Едва заметно улыбнувшись, Одрина сказала:
– А как же мне теперь вас называть, мистер Резерфорд?.. Раз уж вы завышаете мой статус, величая меня принцессой, то и я ведь должна ответить тем же, не так
Джилс взглянул на нее с усмешкой и проговорил:
– Можете называть меня коммерсантом, я возражать не стану.
– Что ж, договорились, мистер коммерсант, – отозвалась Одрина.
Тут американец пристально взглянул на нее – и опять улыбнулся. Причем губы у него были довольно-таки приятные на вид, с бледной черточкой небольшого шрама на верхней. «Как хорошо, что после такого нелегкого дня у него есть настроение улыбаться», – подумала Одрина. А Джилс, внезапно поднявшись с корточек, протянул ей руку и произнес:
– Вставайте, ваша светлость. Давайте продолжим нашу беседу на некотором удалении от вашего несостоявшегося жениха.
Ладонь молодого американца была широкой, теплой и слегка шероховатой. И по телу Одрины пробежала легкая дрожь, едва она коснулась ее. Теплота этого прикосновения напомнила ей о том, насколько она замерзла и как долго пребывает в таком состоянии.
Когда же она поднялась на ноги, ее глаза оказались как раз напротив его губ, что стало для нее приятным разнообразием, – Одрина уже привыкла взирать сверху вниз на очень многих лондонских мужчин. И, кроме того… Сейчас пламя свечи гораздо лучше освещало лицо Джилса, и она, не удержавшись, заметила:
– А у вас веснушки…
Губы американца дрогнули в улыбке, и он проговорил:
– Разве это столь необычно для такого рыжеволосого увальня, как я?

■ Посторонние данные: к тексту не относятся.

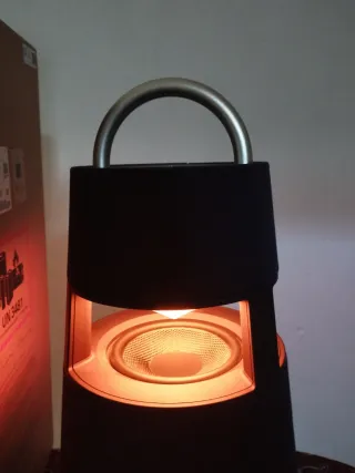 Altavoz portátil LG XBOOM 360 RP4 con luces de ambiente. - Diseño omnidireccional. - Asa para transporte. - Luces LED integradas.

Тут Ллуэлин забарабанил в дверь еще громче. «Неужели до сих пор не устал?» – в раздражении подумала Одрина и тут же, улыбнувшись, сказала:
– Вы вовсе не увалень.
– Принцесса, от ваших слов я могу покраснеть, а покрасневший рыжий – это слишком смехотворно, – ответил Джилс и, выпустив ее руку, повернулся в сторону лестницы.

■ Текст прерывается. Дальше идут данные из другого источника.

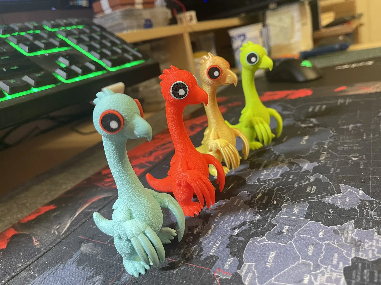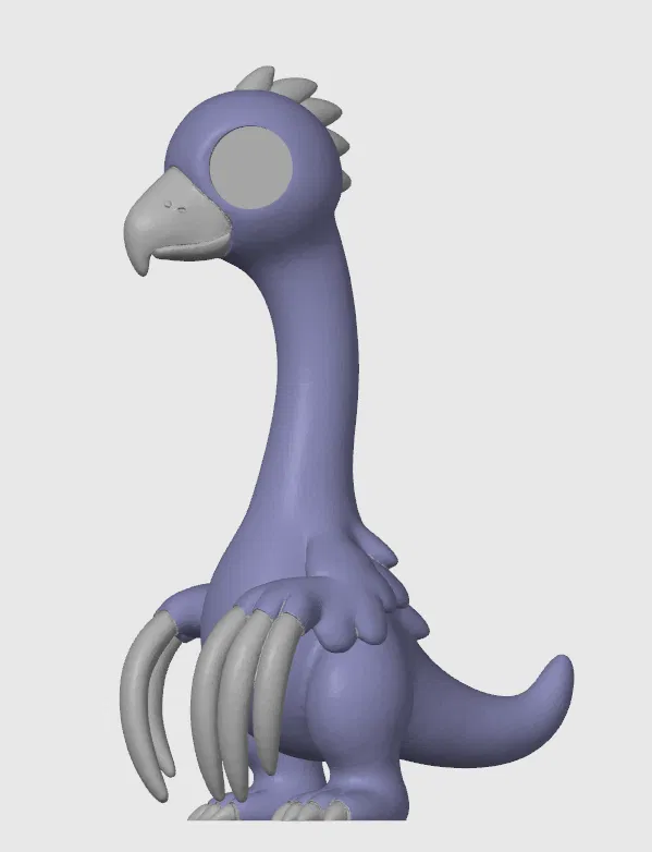 Meet RAZORCLAW – an adorable cartoon‑style therizinosaurus with big glossy eyes, soft rounded shapes, and his iconic long scythe‑like claws that give him a unique and charming silhouette. The model features sharp claws, which is important to keep in mind when deciding how to use it – it is primarily intended as a decoration. Razorclaw has a friendly, curious, slightly playful personality, looking more like he wants to give you a hug than scratch you. He’s perfect as a cute desk companion, a fun gift for dinosaur lovers, or a cheerful decoration for a child’s room. His joyful presence instantly brightens any space. IMPORTANT NOTE: This model is considered challenging to print. In roughly 2 out of 10 test prints, the claws broke during printing. Slowing down the print speed helped significantly, and using a different filament also improved results. All tests were done with PLA – four colors printed fine, while a fifth color caused repeated issues.

– О, моя свеча… – спохватилась Одрина. – Надо бы ее забрать.
Пока она выдергивала свечку из канделябра, Резерфорд-младший поджидал ее у ступеней, ведущих вниз. Когда же они наконец начали спускаться – стук Ллуэлина постепенно затихал, – Одрина пробормотала:
– Я покинула вас, потому что отца все равно не интересовало мое мнение о его планах. К тому же… Знаете, после того как этот негодяй напичкал меня опием, мне не хотелось даже смотреть на еду.
– Я так и подумал, – отозвался Джилс. Он вынул из кармана что-то завернутое в салфетку и протянул девушке. Осторожно развернув салфетку, Одрина прошептала:
– Хлеб?.. Вы принесли мне хлеба?
– К сожалению, он не слишком хорош. Немного черствый. Должно быть, его испекли вчера.
Одрина вставила свечу в ближайший настенный канделябр, после чего отломила кусочек хлеба и положила в рот. Хлеб действительно оказался черствым, но она кое-как разжевала его и проглотила. После чего почти тотчас же почувствовала, что ей стало лучше – перестало тошнить.
– Спасибо, – сказала она. Не так-то легко было смотреть в глаза человеку, видевшему ее в весьма неприглядном состоянии; поэтому Одрина отвернулась и, скользнув взглядом по изгибам перил, тихонько вздохнула. А потом вдруг добавила: – Я тоже умею печь хлеб. Однажды я пробралась на кухню и попросила кухарку научить меня.